To: ontolog-forum@xxxxxxxxxxxxxxxx
From: John F Sowa <sowa@xxxxxxxxxxx>
Date: Thu, 27 Sep 2012 09:41:12 -0400
Message-id: <50645778.2030302@xxxxxxxxxxx>
Doug, William, and Leo,    (01)

Rom Harré
> the brain is not a part of a person in the way that a grain of sand
> is part of a beach. It is part of a person’s body and a person’s body
> is not a part of that person in the relevant sense.    (02)

DF
> I would consider this philosophical game playing.  I'm guessing that
> RH is discussing a person as a "soul", a "life force" or event.    (03)

No.  He is treating a person as a living human being, all of whose
parts are working together in every action.  Please note the longer
quotation by RH from another lecture (copy below).  He knows a great
deal about neuroscience, psychology, and how they are interrelated.    (04)

To avoid issues of "soul" or "life force", let's consider the sentence,    (05)

    The rover Curiosity analyzed a rock on Mars.    (06)

The rover contains many parts, including computers, cameras, tools,
wheels, etc.  To do the analysis, it had to use all the parts working
together, and no single part could be said to do the analysis.    (07)

If you consider the rover to be the mereological sum of its parts,
you are ignoring all the structure, the methods of interconnection,
the function of each part, and all the knowledge (programs and data)
located in multiple computers and storage units in the rover.    (08)

As RH said, mereology is OK for talking about grains of sand on
a beach.  But even for a beach, there is a considerable amount
of structure.  Note how mixtures of sand and water behave.    (09)

So even with sand on a beach, mereology is only a partial theory
of the combination.  When you get to something as complicated as
a Mars rover, it's hopelessly inadequate as a theory of structure.    (010)

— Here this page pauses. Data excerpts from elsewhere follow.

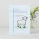 On a special occasion of a baby boy, invite your friends and relatives with this baptism blue invitation card. This has a baby sheep, perfect to invite your loved ones on a baby boy's christening, either a son, godson, grandson or nephew.
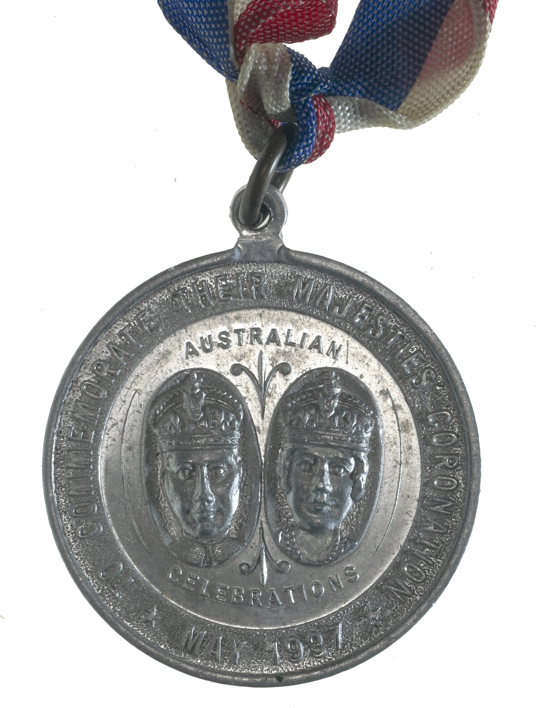 Within two ovals at centre, facing crowned busts, above, AUSTRALIAN, below, CELEBRATIONS; around, TO COMMEMORATE THEIR MAJESTIES CORONATION * MAY 1937 *
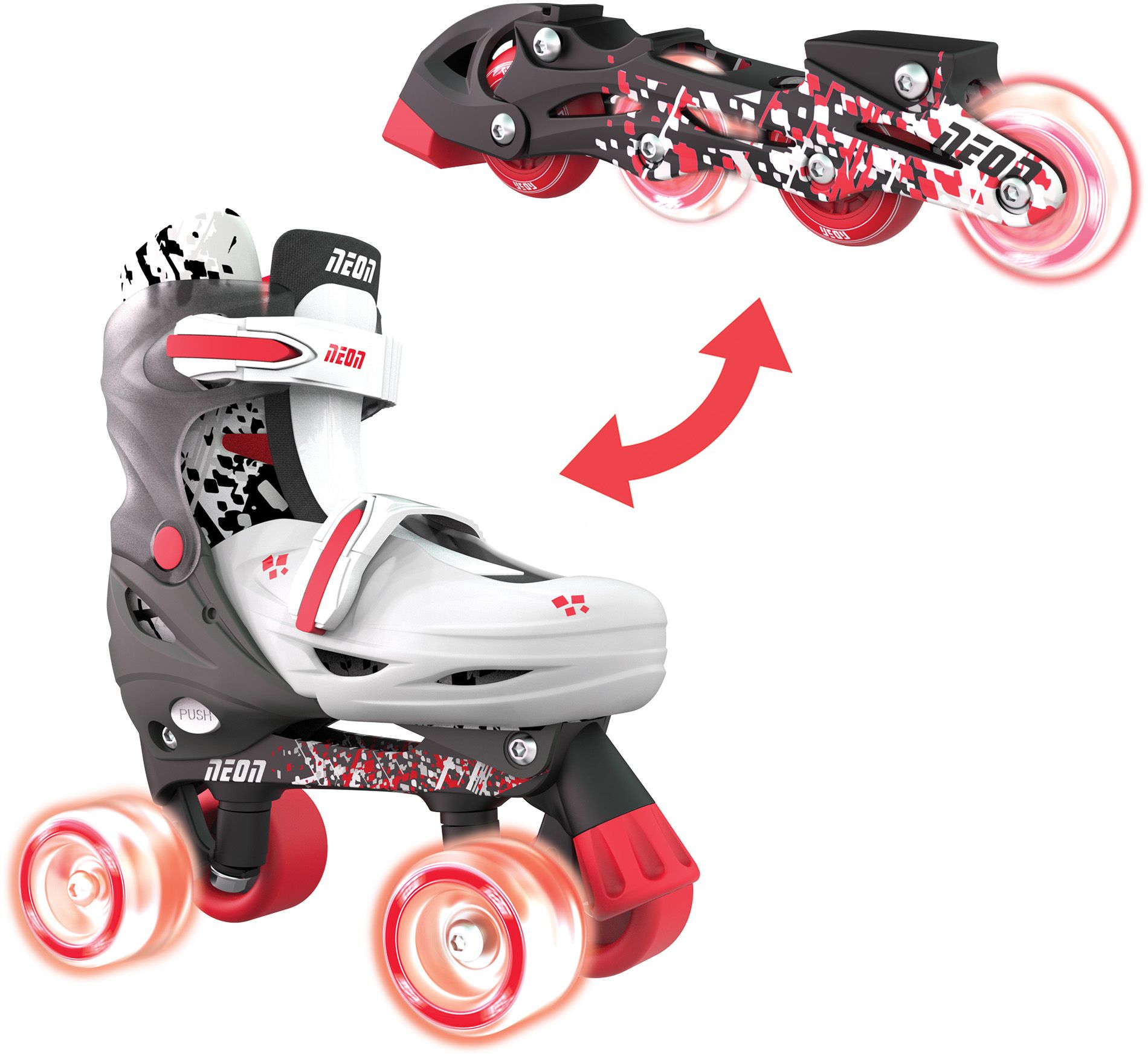 The NEON Combo Skates brings the best of both worlds. Get ready for double the fun with the NEON Skates! Switch between Inline and Quads seamlessly and watch them light up as you move – no batteries needed! Plus, they're built to last with adjustable sizing for the perfect fit!
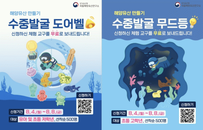 이번 체험교구는 연령에 따라 난이도를 구분하여 ▲ 유아·초등 저학년용 ‘수중발굴 도어벨 만들기’, ▲ 초등 고학년용 ‘수중발굴 무드등 만들기’로 구성된다. 각 교구에는 자유롭게 색칠할 수 있는 채색 엽서가 함께 제공되며, 엽서에 인쇄된 정보 무늬(QR코드)를 통해 만들기 영상을 시청할 수 있어 누구나 집에서도 쉽게 체험할 수 있다.
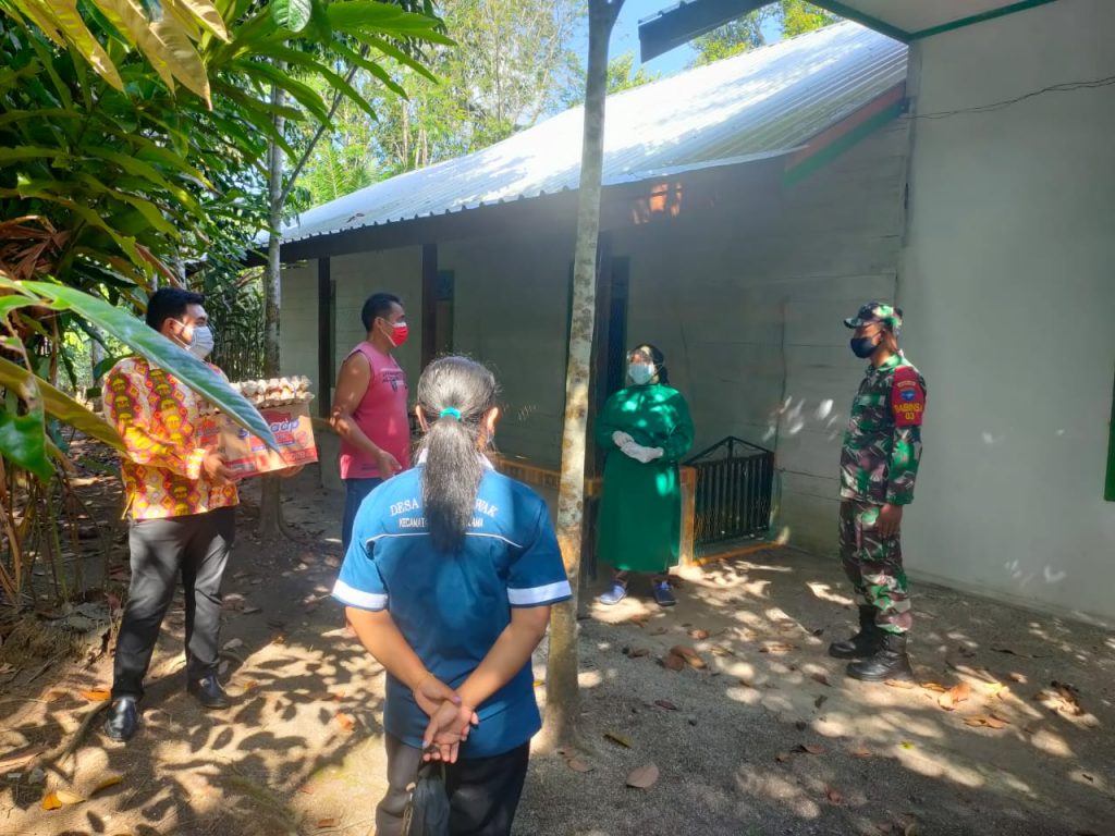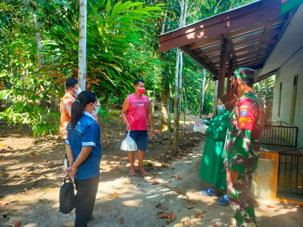 Pangkalan Bun, infokalteng.co.id – Babinsa Dawak Sertu Imam Syafi’i, Koramil 1014 – 03/Kotawaringin Lama bersama dengan Aparat Desa Dawak menyalurkan bantuan bahan pokok (sembako) untuk pasien Covid-19 yang tengah menjalani isolasi mandiri di rumah.
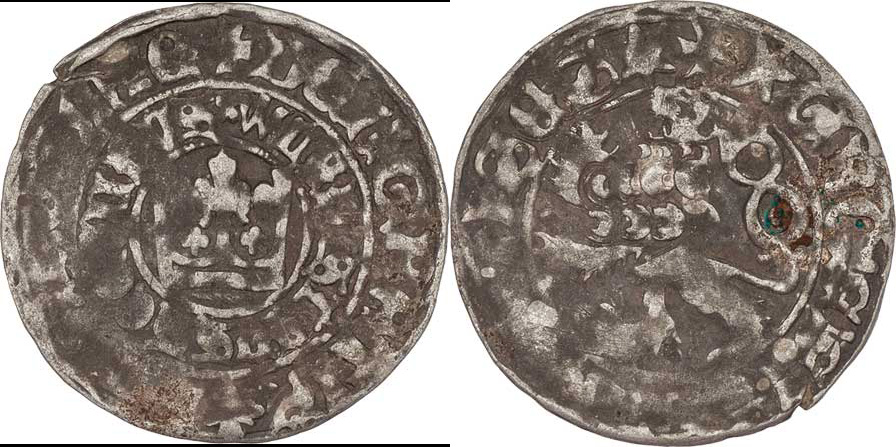 Pražský groš, K.Hora - Hanuš z Řásné, Há.XIII.e/2, dobře patrné 4 měsíčky ve hřívě lva, 2.623g, nedor., patina
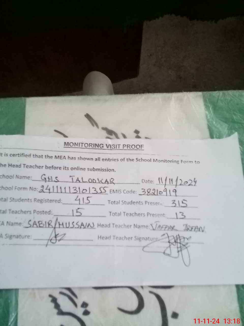 | Attendance Register | Head Teacher | MEA with School | Visit Proof |
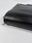 The Samsonite leather expandable briefcase 14" #1910 is a classic and stylish accessory for men. Made from high-quality leather with a fabric lining, this medium-sized briefcase features a zip closure, inner dividers, and multiple pockets for organization. The detachable strap, adjustable strap, and lightweight design make it convenient for everyday use. The black color and sleek design make it a versatile option for any professional or business setting.
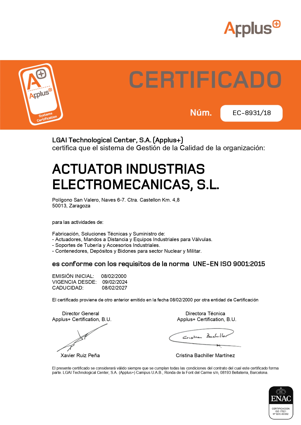Telephone: +34 976 500 552 Email: actuator@actuator.es Address: Polígono Industrial San Valero n. 6-7. Ctra. Castellón, Km 4,8. 50013. Zaragoza (Spain)
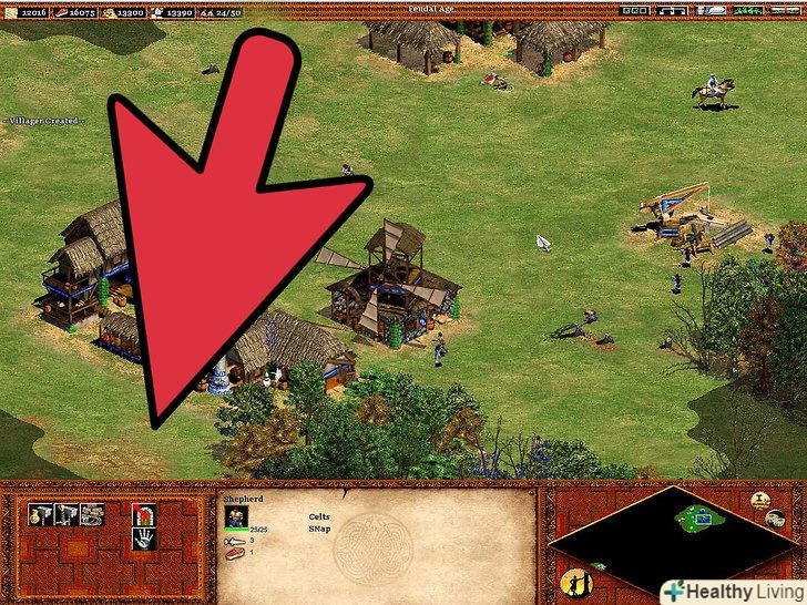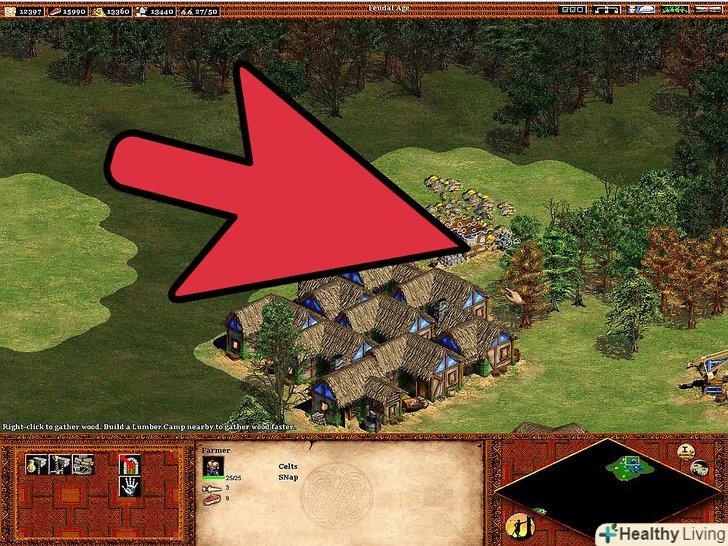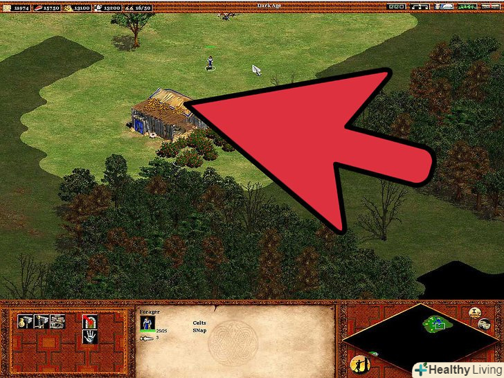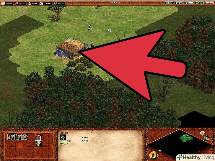 Продовжуйте створювати поселенців, поки не досягнете населення в 30 осіб.продовжуйте будувати будинки, поки тих не вистачить на 35 осіб. Деякі нові поселенці повинні бути послані в ліс, що дуже важливо, починаючи з феодальної епохи і далі. У лісі повинні працювати 10-12 поселенців.- Побудуйте шахту поруч з джерелом золота, розташованим поруч з ратушею. Так, у феодальну епоху золото ще не дуже потрібно, але тим не менш треба побудувати шахту в темні століття (або хоча б під час вивчення феодалізму). Чому? Та тому, що феодальна епоха пролетить в одну мить! Цивілізаціям, що стартують з -100 одиниць золота, і зовсім рекомендується заздалегідь потурбуватися цим питанням. Проте, на золоті має бути не більше 3 поселенців.

And when you're talking about plants, animals, or people, there
is so much that we don't understand about the living organism
that it is a serious mistake to treat it as a sum of its parts.    (011)

WF
> If a body is a *part* of an animal, what is the other part???    (012)

The other part is the *process*.  The body of an animal or a car
is mereologically the same as its body immediately after its death
(or you turn off the engine).  But a running car and a living animal
can do things that the static body cannot.    (013)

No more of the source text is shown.